━━━ Supplied information ━━━

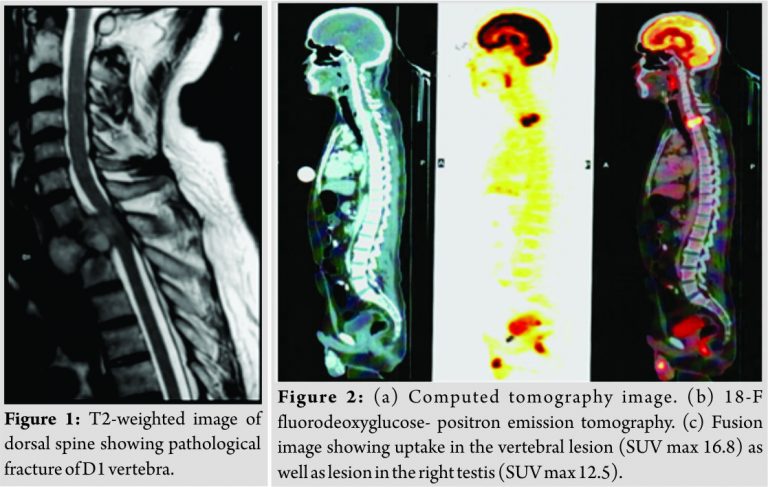 43 years’ male presented with paresthesia and paraparesis for 5 months. The patient had Grade 5 power in bilateral upper limbs, Grade 0 power in bilateral hip and knee, and Grade 3 power in the ankle and toes, with hyperreflexia in deep tendon reflexes with ankle clonus bilaterally. The patient did not have any sensory deficit or bladder bowel involvement. Magnetic resonance imaging (MRI)of the dorsolumbar spine revealedpathologicfractureinvolvingD1vertebra(Fig. 1). Computed tomography (CT)-guided biopsy revealed a highly vascular tumor with cells arranged in nests formed by vascular channels(immunohistochemistry [IHC]: synaptophysin and S100: strongly positive), suggestive of a paraganglioma. Plasma-free normetanephrine was normal (156 pg/ml [0–196]). For the localization of primary tumor 18-F fluorodeoxy glucose- positron emission tomography-CT scan was done which revealed the primary lesion in the right testis(Fig. 2).
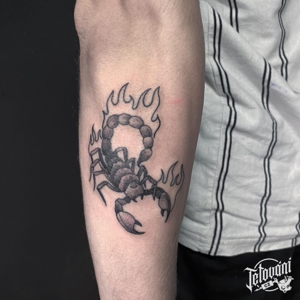Tetování zvíře, škorpion, štír znamení zvěrokruhu na předloktí
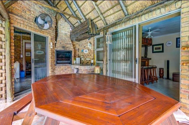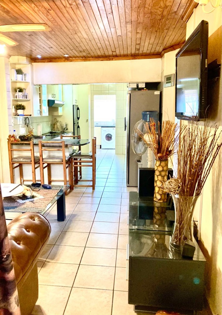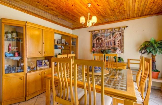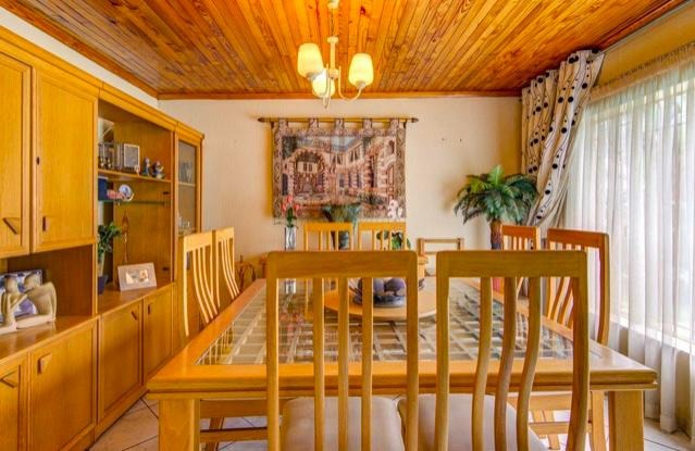 The interior includes a functional kitchen and a convenient laundry area. The dining room is enhanced by a warm wooden plank ceiling and extensive built-in wooden cabinetry, adding character and storage with sliding doors to an enclosed patio/lapa. A dedicated study offers a quiet space for work or hobbies.

━━━

▶ _Brief_
Reproduce exactly the lines above from the one with "Tetování zvíře, škorpion, štír" through the last line of the data, keeping both ends and dropping the pictures.

▶ _Response to this exercise_
Tetování zvíře, škorpion, štír znamení zvěrokruhu na předloktí
 The interior includes a functional kitchen and a convenient laundry area. The dining room is enhanced by a warm wooden plank ceiling and extensive built-in wooden cabinetry, adding character and storage with sliding doors to an enclosed patio/lapa. A dedicated study offers a quiet space for work or hobbies.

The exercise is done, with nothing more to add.